Segment Start: DATA
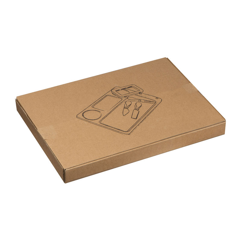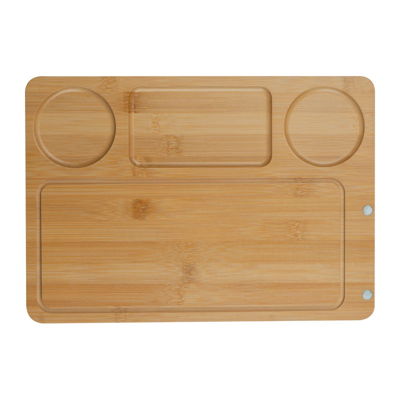 Cheese board set consisting of a large serving plate made of bamboo with magnetic holder for stainless steel cheese cutlery. Your logo will be engraved on the plate.
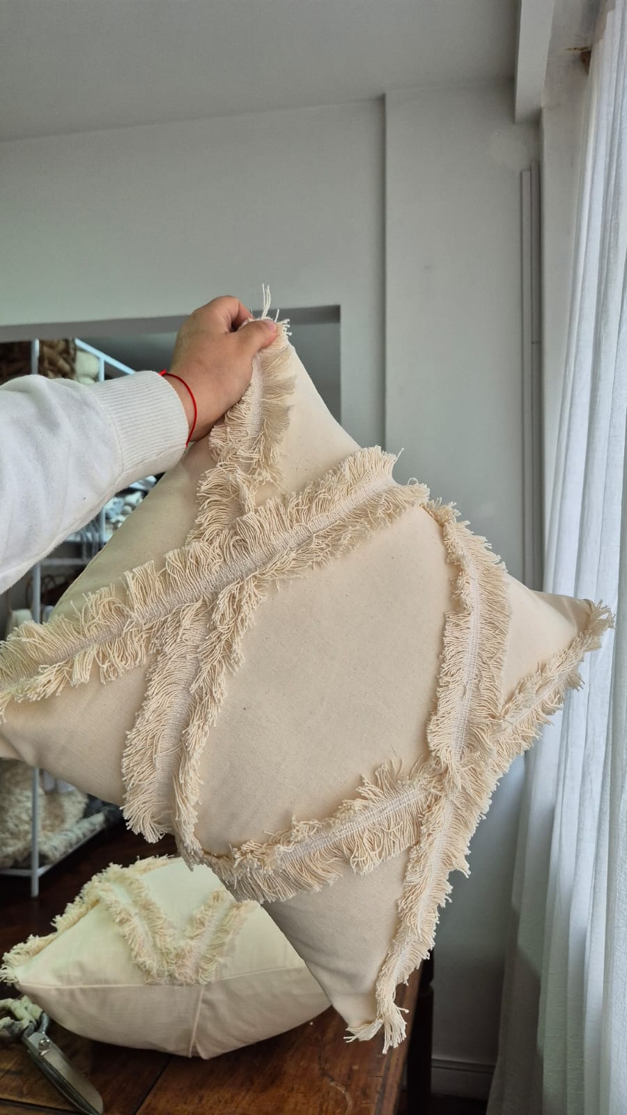 Suave, versátil y con mucho encanto. Nuestro almohadón con flecos está confeccionado de manera artesanal con telas de excelente calidad, ideal para sumar textura y calidez a tu espacio. Perfecto para combinar con otros tonos o estilos, aporta ese toque boho y relajado que hace que cada rincón se sienta más acogedor.
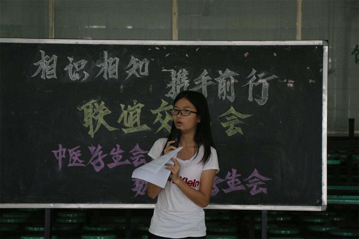 活动开始,首先由我系团委副书记、学生会主席谢立铮同学代表人上台发言,谢立铮介绍了我系团委学生会的部门设置和工作方式等,之后由中医学校代表黄小殷同学介绍中医学生会的情况及管理方式等,通过座谈交流各自工作经验,互相学习。在这期间双方的团干部积极发言,共同交流了自身的工作经经验。
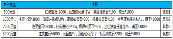 2、小刘在活动期间累计充值划账2000元宝,则可获得【奖励1】+【奖励2】+【奖励3】
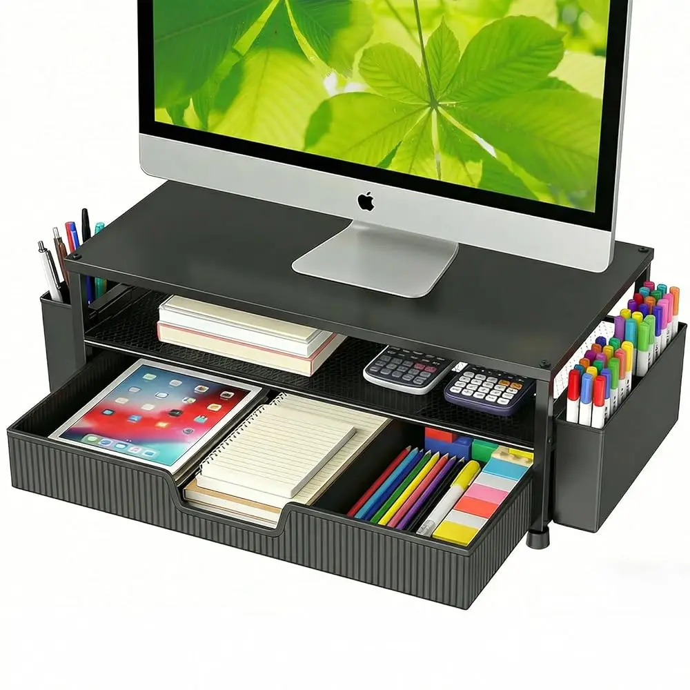 Desk Organizer and Accessories, 2-Tier Computer Monitor Stand Rise with Storage Drawer & 2 Pen Holders, Laptop & Printer Stan $54.17
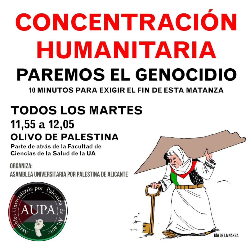 Desde AUPA (Asamblea Universitaria por Palestina de Alicante), con el apoyo de la Sección Sindical de CGT en la UA, BDS y otras organizaciones, se están convocando a la comunidad universitaria a concentraciones semanales y charlas en el campus universitario en apoyo al pueblo palestino. Además de buscar que la UA declare el Boicot Académico contra las instituciones israelíes que apoyan la matanza y exigiendo a las autoridades universitarias un claro apoyo a universidades, profesorado y estudiantes palestinas arrasadas por el ejército colonizador.
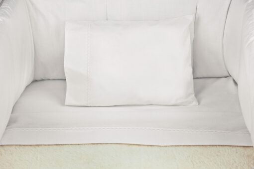 1 valoración en Juego de sábanas blanco con bordado rosado para cuna
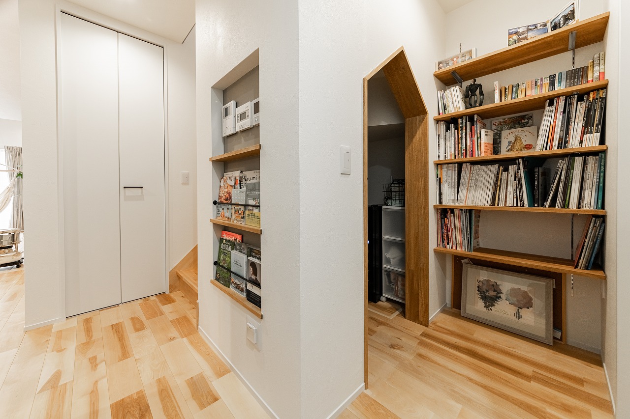 • たっぷりの書棚とマガジンラックの奥には、三角屋根の入り口が可愛らしいリビング収納室が顔を覗かせています。
Segment End: DATA
* **EXERCISE OBJECTIVE**
Your reply should hold only the lines from the one that contains "Desde AUPA (Asamblea" through the last line of the records above, exact and complete, and no pictures.

* **TASK ANSWER**
 Desde AUPA (Asamblea Universitaria por Palestina de Alicante), con el apoyo de la Sección Sindical de CGT en la UA, BDS y otras organizaciones, se están convocando a la comunidad universitaria a concentraciones semanales y charlas en el campus universitario en apoyo al pueblo palestino. Además de buscar que la UA declare el Boicot Académico contra las instituciones israelíes que apoyan la matanza y exigiendo a las autoridades universitarias un claro apoyo a universidades, profesorado y estudiantes palestinas arrasadas por el ejército colonizador.
 1 valoración en Juego de sábanas blanco con bordado rosado para cuna
 • たっぷりの書棚とマガジンラックの奥には、三角屋根の入り口が可愛らしいリビング収納室が顔を覗かせています。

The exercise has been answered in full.